__INFORMATION PROVIDED__
###

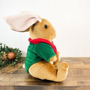 18” Vintage Christmas Velveteen Rabbit Plush Green Coat Commonwealth 1995
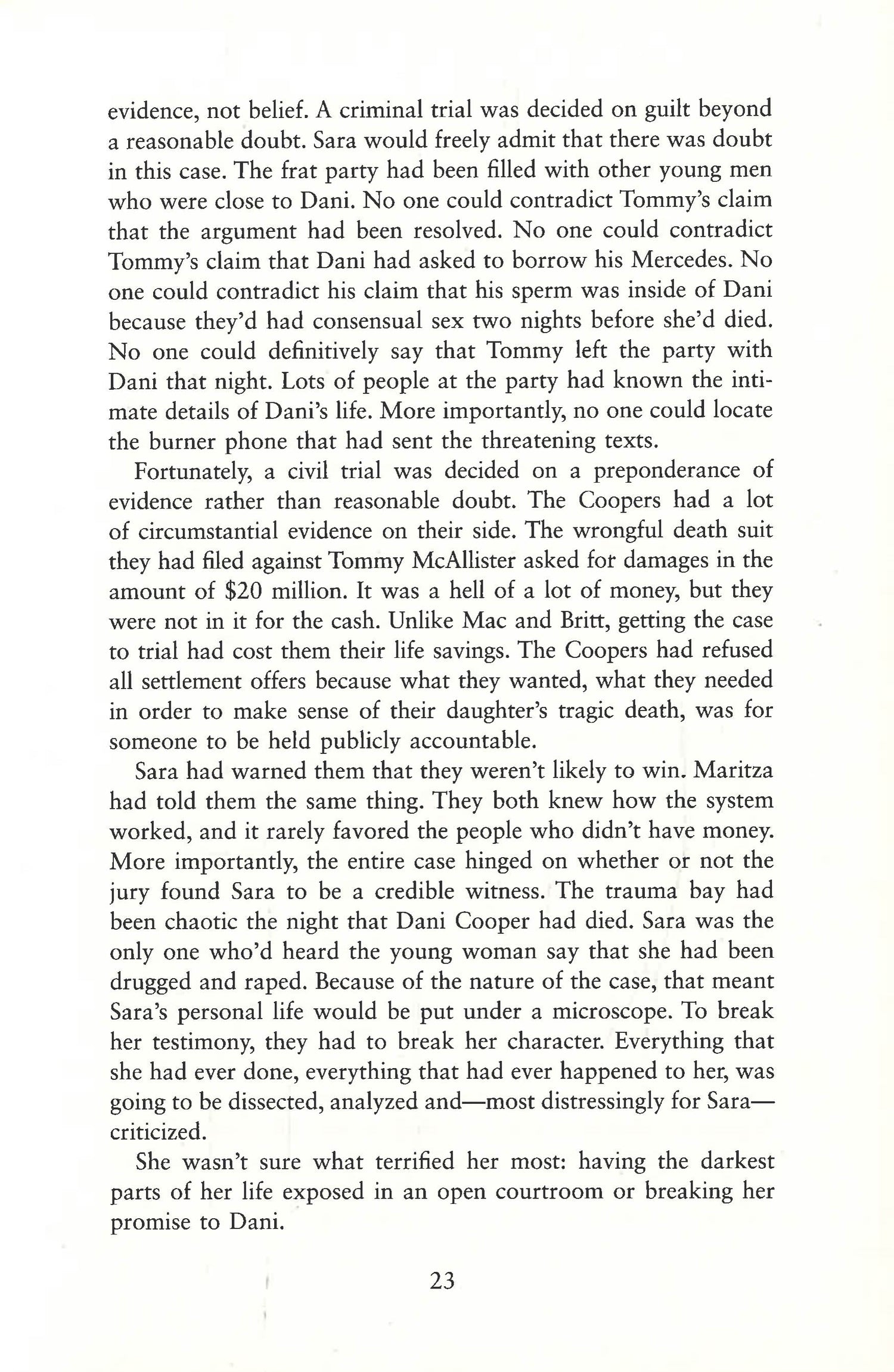 Until one evening, on call in the ER, everything changes. Sara battles to save a broken young woman who's been brutally attacked. But as the investigation progresses, led by GBI Special Agent Will Trent, it becomes clear that Dani Cooper's assault is uncannily linked to Sara's.
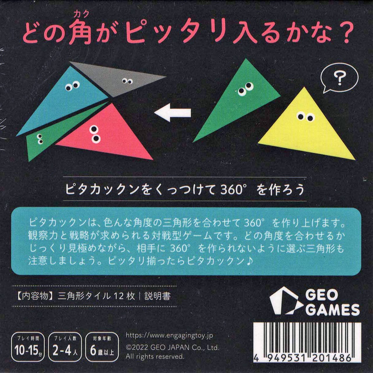 ピタカックンは、色んな角度の三角形を合わせて 360°を作り上げます。観察力と戦略が求められる対戦型ゲームです。どの角度を合わせるかじっくり見極めながら、相手に360°を作られないように選ぶ三角形も注意しましょう。
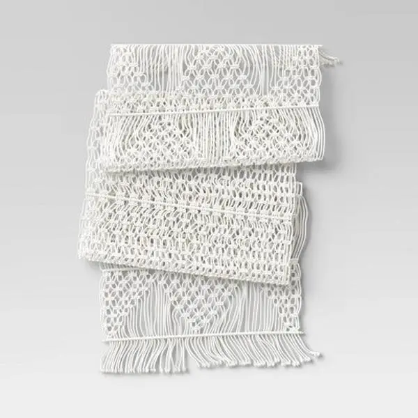 The Cotton Macrame Runner from Opalhouse makes a beautiful foundation for your table decor. In pristine white, this rectangular table runner is detailed with macrame and long fringe on each end to add a touch of boho charm to your dining area. Made from 100% cotton for softness and durability, this white table runner is great to be the centerpiece for both entertaining and family dinners. Simply spread it lengthwise centered across the table, and align your decorative pieces and serving dishes for a quick and easy functional update.

###

__TASK__
Here the lines from the one containing "ピタカックンは、色んな角度の" through the end of the material are to be copied exactly, with the pictures omitted.

__RESPONSE BOX__
 ピタカックンは、色んな角度の三角形を合わせて 360°を作り上げます。観察力と戦略が求められる対戦型ゲームです。どの角度を合わせるかじっくり見極めながら、相手に360°を作られないように選ぶ三角形も注意しましょう。
 The Cotton Macrame Runner from Opalhouse makes a beautiful foundation for your table decor. In pristine white, this rectangular table runner is detailed with macrame and long fringe on each end to add a touch of boho charm to your dining area. Made from 100% cotton for softness and durability, this white table runner is great to be the centerpiece for both entertaining and family dinners. Simply spread it lengthwise centered across the table, and align your decorative pieces and serving dishes for a quick and easy functional update.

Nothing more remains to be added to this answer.